The no-news is disappointing, but real: takeover will not improve
mortgage rates. Maybe a little, if the surcharges are removed. In
the market’s eye for credit, there is little difference between the
presumption of too-big-to-fail and the fact.
But, won’t F&F be able to buy loans again, and push rates down? For
housing to bottom, we must have lower rates and better availability,
right?
Right on the second point, wrong on the first. There are $5 trillion
in GSE mortgage-backed securities out there, and F&F own only $1.4
trillion. The principal owners of the other $3.6 trillion are giant
institutions in desperate trouble. If anybody began to bid
aggressively for MBS, trying to drive price up and yield down, those
owners would dump their massive holdings in the same market
mechanism holding rates up where they are. Any slide to 6.50%, and
they elbow new borrowers out of the way. Neither F&F nor the US
Treasury could possibly borrow enough money to buy them out.

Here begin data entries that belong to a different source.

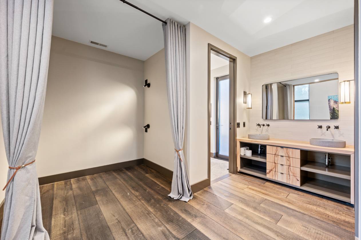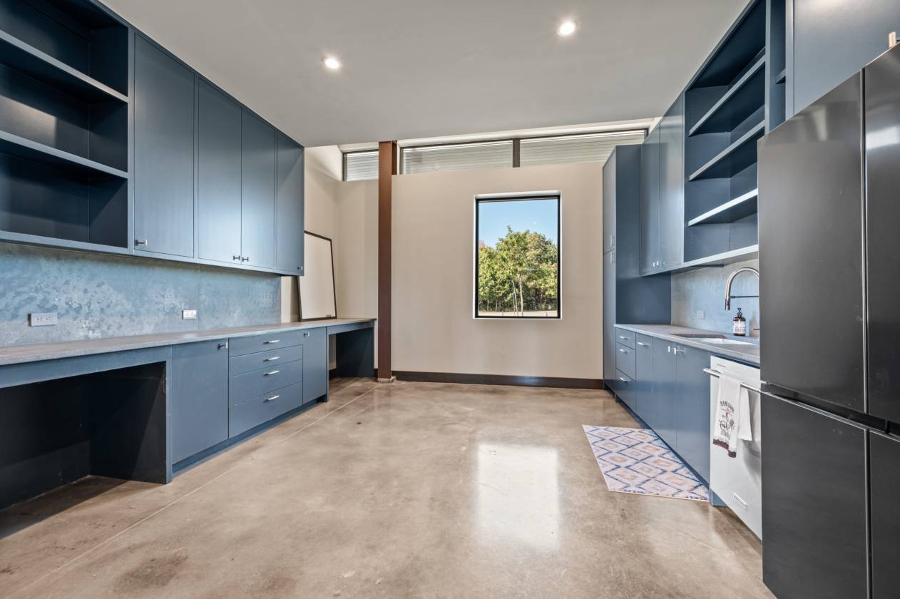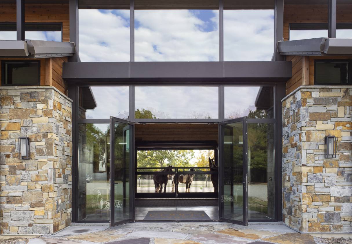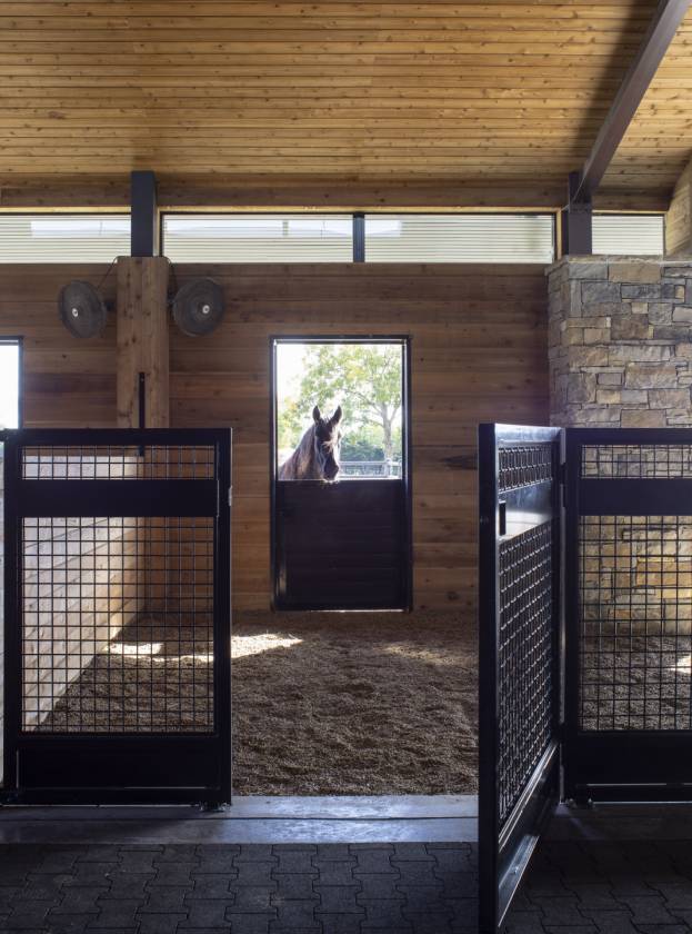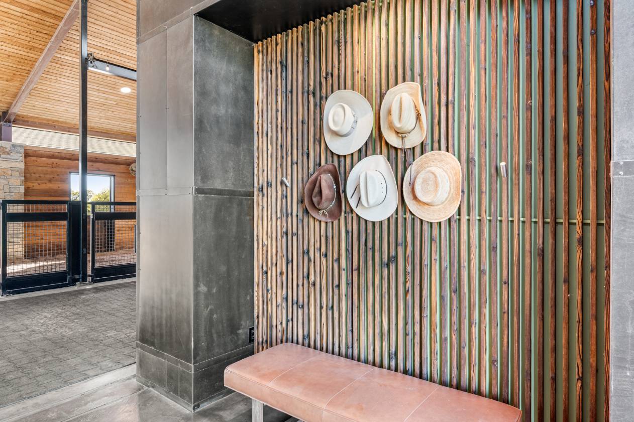 - At the heart of the property sits an impressive 122' x 46' barn, thoughtfully designed with removable stall walls allowing up to eight individual stalls or four oversized double stalls. The barn features two wash bays (one on each end), two tack bays, a kitchen, tack room, bathroom, feed room, storage, and a dedicated entrance. Practicality meets sophistication with black equine paver tile flooring throughout the aisleway—safe and non-slip for horses. Access points include a large roll-up door on the south side and double sliding doors at each end, offering excellent ventilation and flow. Adjacent to the barn is the impressive 160' x 200' covered arena, ideal for year-round training and events.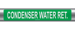 This Condenser Water Ret. Self-Adhesive Pipe Marker uses informational messages for safety identification and compliance. A Condenser Water Ret. Self-Adhesive Pipe Marker is a useful tool to help protect the health and safety of personnel, but is not a substitute for required protective measures for eliminating or reducing hazards.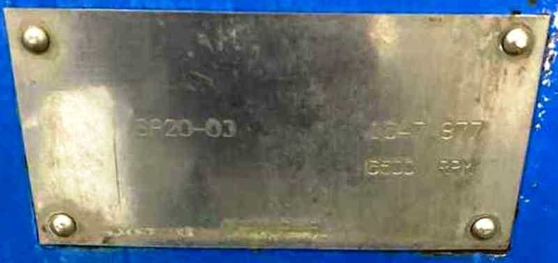Max bowl speed 6500 RPM, rated @ 12,000 LPH, heavy liquid phase discharged under pressure, 20 HP motor 575/3/60/1770 RPM, sludge cyclone, tools and control panel. 1983 vintage. Very good condition. Located in Canada.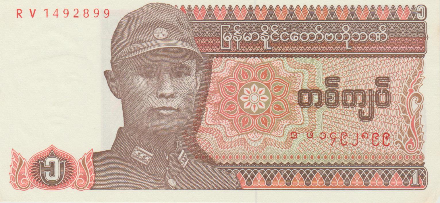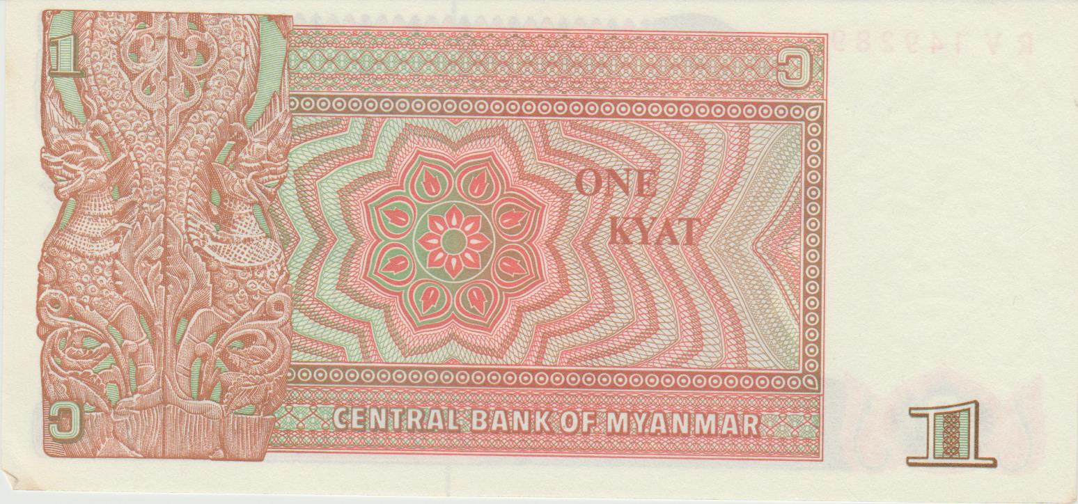 P 67 – MYANMAR 1 KYAT 1990 FE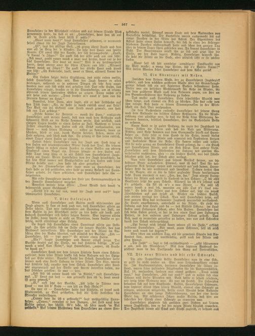 „Erscht komme die Ferrern — noach die Hoor," replizierte Hannlusper und meinte damit, daß nun nach dem Rebhuhn auch behaartes Wild an die Reihe kommen werde. Und wirklich, nach einigen Tagen brachte er einen Hasen zu Fall. Nachdem er seinen Fehler elnge;ehen, den Hasen erst ein Stück ilachzulausen, um khuen nach seiner Meinung — näher zu kommen, dann zu schießen, blieb er jetzt, durch Baltin belehrt, stehen, wenn ein Ha>e hufglng, und schoß nach ihm. So gelang es ihm denn endlich, eines Tages einen Hasen zu erlegen.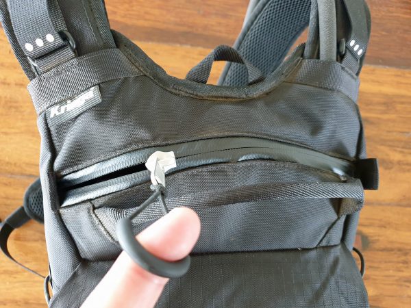 A weatherproof zip seals the main storage compartment that houses the 3.75-litre Hydrapak bladder. A strong Velcro tab holds the plastic bladder seal in place the so the bladder is always draining to the bottom where the hose connects. The bladder has measurement increments printed on it so you know exactly how much liquid you are carrying. I love this because it helps me calculate my fluid intake.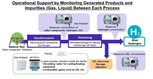 HORIBA’s roles and examples of supplied instruments in the blue hydrogen production process.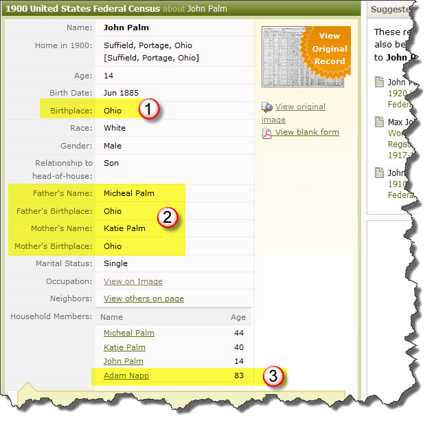 Searching on ancestry.com. this week, I looked at all John Palms in Portage County, Ohio that were born after 1880, because judging from his picture, he looked like a relatively young man, perhaps in his 20’s. Since I knew the picture was taken sometime in the early 1900’s, I guessed he was probably born sometime after 1880.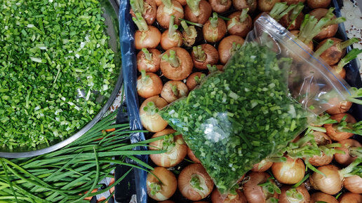 Первый урожай ЛУКА срезала и стала употреблять в пищу.

Maybe, just maybe, the authorities will get the following equation.
Normal MBS holdings are maintained with leverage of capital. Capital
mostly gone, every big outfit is trying to reduce leverage. So,
rates have to be high to attract un-leveraged buyers: mutual funds
and such. The only way to restore leveraged buyers is to restore
capital by Federal injection and/or accounting mirrors. Until the
authorities make that leap, the real economy will deteriorate in
gradual credit starvation.
|
Don’t forget Ginnie –
the other GSE
August 21, 2008
Mortgage rates are
falling, almost 6.50% with the lowest fees. All other interest rates
are headed down as well, on glide path parallel to the global
economy: the 10-year T-note to 3.83% (traded 4.10% only a week ago),
and the 2-year down to 2.37% acknowledges zero probability of a Fed
rate hike from its current 2% overnight rate.
Domestic data are sliding at shallow slope, but the stuff from
overseas is dramatic.
Here, claims for unemployment insurance have sustained the jump to
the 450,000 range, a decisive deterioration from the 375,000 in the
first half of the year. Consumer confidence has been lousy for a
while, but is now lousier: the lowest values have been for the
future, current conditions better, but sinking now. July retail
sales were flat, but adjusted for 5.6% year-over-year CPI a
substantial real decline.
The negative news has been inevitable, and is perverse good news.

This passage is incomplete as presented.